Fluoroelastomers having excellent heat resistance, oil resistance, and chemical resistance have been used widely for sealing materials, containers and hoses. Examples of fluoroelastomers include copolymers comprising units of vinylidene fluoride (VF.sub.2) and units of at least one other copolymerizable fluorine-containing major monomer such as hexafluoropropylene (HFP), tetrafluoroethylene (TFE), chlorotrifluoroethylene (CTFE), vinyl fluoride (VF), and a perfluoro(alkyl vinyl ether) (PAVE). Specific examples of PAVE include perfluoro(methyl vinyl ether), perfluoro(ethyl vinyl ether) and perfluoro(propyl vinyl ether).
In order to develop the physical properties necessary for some end use applications, fluoroelastomers must be crosslinked. Typical curatives for promoting crosslinking include polyamines, polyols and the combination of an organic peroxide and a multifunctional unsaturated coagent. All these compounds form crosslinks by reacting with a cure site on the fluoroelastomer polymer chain. Examples of cure sites include a double bond, or a labile hydrogen, bromine, iodine, or chlorine atom. A common method of introducing a cure site into a fluoroelastomer made by continuous emulsion polymerization is to continuously add a minor amount of a copolymerizable cure site monomer, along with the major monomers (e.g. VF.sub.2, HFP, TFE, PAVE, etc.) to the polymerization reactor. In this manner, cure sites are randomly distributed along the resulting fluoroelastomer polymer chain. Suitable cure site monomers include bromine- or iodine-containing olefins, and bromine- or iodine-containing unsaturated ethers, non-conjugated dienes and 2-hydropentafluoropropylene (2-HPFP). Alternatively, or in addition to cure site monomers, cure sites may be introduced into the fluoroelastomer by conducting the polymerization in the presence of a chain transfer agent containing iodine, bromine or both. In this manner, a bromine or iodine atom is attached to the resulting fluoroelastomer polymer chain at one or both ends. Such chain transfer agents typically have the formula RI.sub.n, RBr.sub.n or RBrI, where R may be a C.sub.1 -C.sub.3 hydrocarbon, a C.sub.1 -C.sub.6 fluorohydrocarbon or chlorofluorohydrocarbon, or a C.sub.2 -C.sub.8 perfluorocarbon, and n is 1 or 2.
Production of such fluoroelastomers by emulsion and solution polymerization methods is well known in the art; see for example U.S. Pat. No. 4,214,060. Generally, fluoroelastomers are produced in an emulsion polymerization process wherein a water-soluble polymerization initiator and a relatively large amount of surfactant are employed. The resulting fluoroelastomer leaves the reactor in the form of a latex which must be degassed (i.e. freed from unreacted monomers), coagulated, filtered and washed. Emulsion processes suffer from several disadvantages including production of polymers having high Mooney viscosity, which tends to make it difficult to process these materials (i.e. mixing, extruding, molding) into cured articles, due to the presence of ionic end groups on the fluoroelastomer polymer chains. Another disadvantage is that the polymer products contain impurities from retained surfactants, coagulants, buffers and defoamers.

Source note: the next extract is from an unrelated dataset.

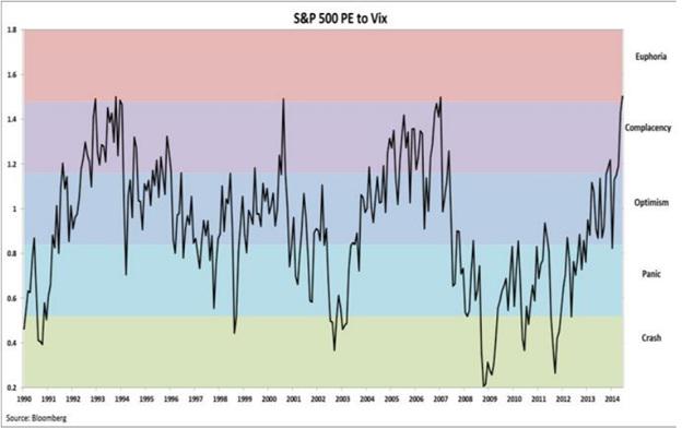 标准普尔/波动率指数比率(标准普尔的市盈率除以波动率指数)同样是股市崩溃的信号。仔细注意在2000年和2007年的这一比例,这暗示着股票抛售的信号。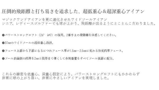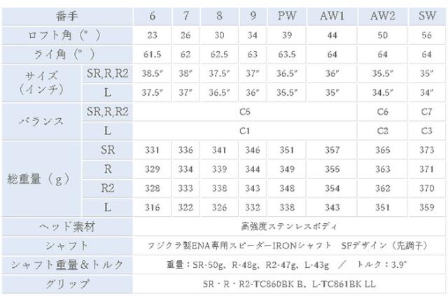 ■ロフト角(度):23(6I)、26(7I)、30(8I)、34(9I)、39(PW)、44(AW1)、50(AW2)、56(SW)

On the other hand, in a suspension polymerization process, polymerization is carried out by dispersing one or more monomers, or an organic solvent with monomer dissolved therein, in water and using an oil-soluble organic peroxide. No surfactant or buffer is required and fluoroelastomer is produced in the form of polymer particles which may be directly filtered, i.e. without the need for coagulation, and then washed, thus producing a cleaner polymer than that resulting from an emulsion process. Also, the fluoroelastomer polymer chains are substantially free of ionic end groups so that the Mooney viscosity is relatively low and the polymer has improved processability compared to polymer produced by an emulsion process (U.S. Pat. Nos. 3,801,552, 4,985,520 and 5,824,755).
A disadvantage of suspension polymerization processes disclosed in the prior art is that it is difficult to incorporate a cure site monomer uniformly into the polymer because polymerization rate and polymer molecular weight increase throughout the reaction period. Many cure site monomers, if present in excess, greatly hinder the polymerization reaction, so that the desired polymerization rate and polymer molecular weight can not be attained in suspension polymerization processes of the prior art.